■ Supplied information
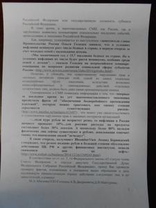 В свете резко ухудшающейся с каждым днём экономической ситуацией в стране депутаты Государственной думы от фракции КПРФ В.Ф. Рашкин, С.П. Обухов и О.Н. Алимова направили депутатский запрос председателю Следственного комитета Александру Бастрыкину с требованием провести проверку и дать процессуальную оценку действиям чиновников российского правительства, ответственным за обвал рубля. Копии депутатского запроса направлены генпрокурору РФ Ю.Я. Чайке и министру внутренних дел В.А. Колокольцееву.
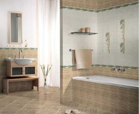 Это, наверное, самый прочный вариант покрытия, которое можно использовать на полу в ванной комнате. Керамическая плитка устойчива к физическому давлению. Керамика для ванной, как правило, покрыта стеклянной глазурью, которая не только не позволяет влаге проникать в пористую структуру материала, но и делает напольное покрытие более декоративным. Глазурь может быть любого оттенка, часто на ней печатают узор.
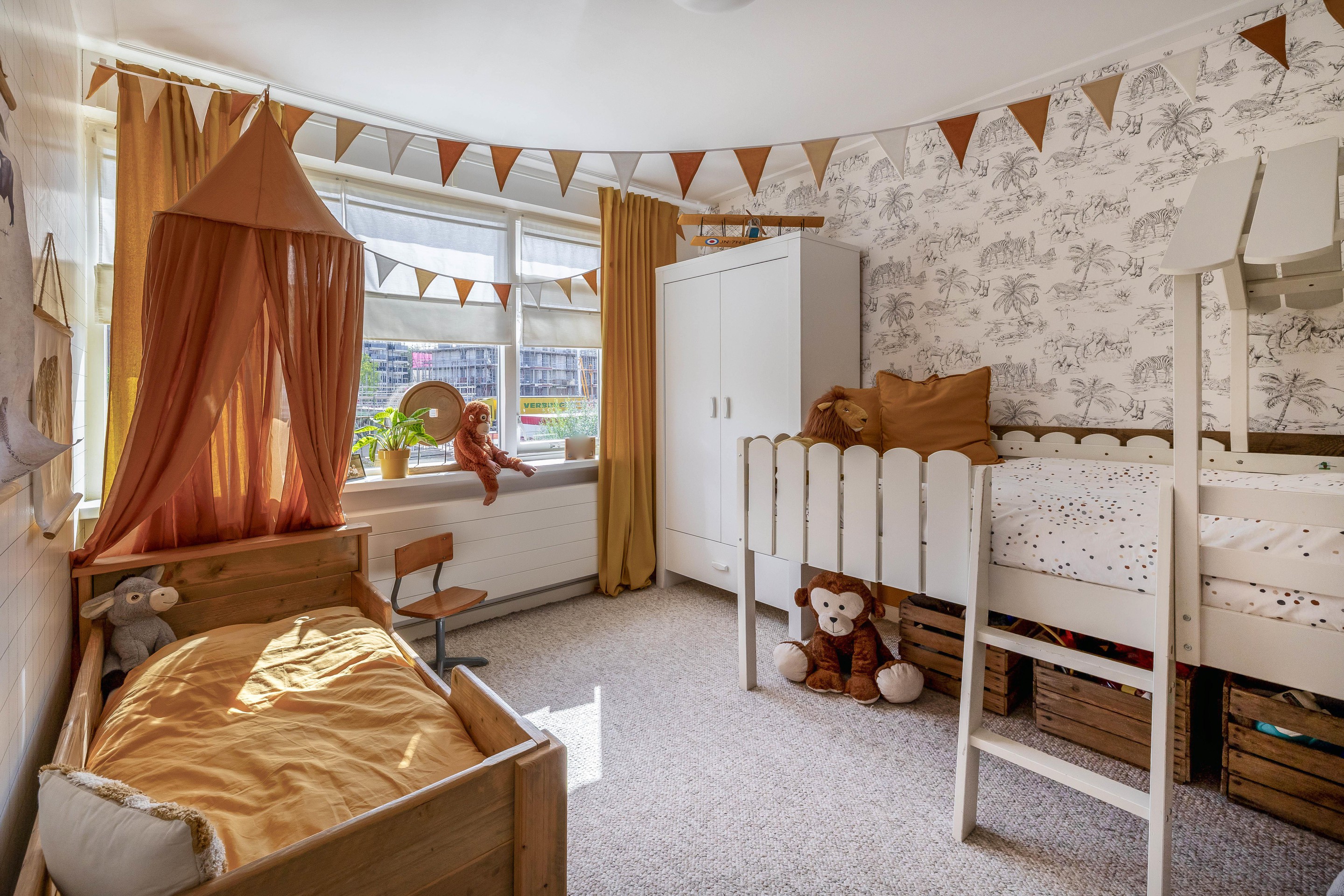 Ook de zolder is niet overgeslagen en tegenwoordig voorzien van een dakkapel, twee slaapkamers en een ruime voorzolder met de aansluitingen voor de zonnepanelen, wasmachine en droger.

■ Problem statement
The response should reproduce all the material above exactly and leave out its pictures.

■ The answer
 В свете резко ухудшающейся с каждым днём экономической ситуацией в стране депутаты Государственной думы от фракции КПРФ В.Ф. Рашкин, С.П. Обухов и О.Н. Алимова направили депутатский запрос председателю Следственного комитета Александру Бастрыкину с требованием провести проверку и дать процессуальную оценку действиям чиновников российского правительства, ответственным за обвал рубля. Копии депутатского запроса направлены генпрокурору РФ Ю.Я. Чайке и министру внутренних дел В.А. Колокольцееву.
 Это, наверное, самый прочный вариант покрытия, которое можно использовать на полу в ванной комнате. Керамическая плитка устойчива к физическому давлению. Керамика для ванной, как правило, покрыта стеклянной глазурью, которая не только не позволяет влаге проникать в пористую структуру материала, но и делает напольное покрытие более декоративным. Глазурь может быть любого оттенка, часто на ней печатают узор.
 Ook de zolder is niet overgeslagen en tegenwoordig voorzien van een dakkapel, twee slaapkamers en een ruime voorzolder met de aansluitingen voor de zonnepanelen, wasmachine en droger.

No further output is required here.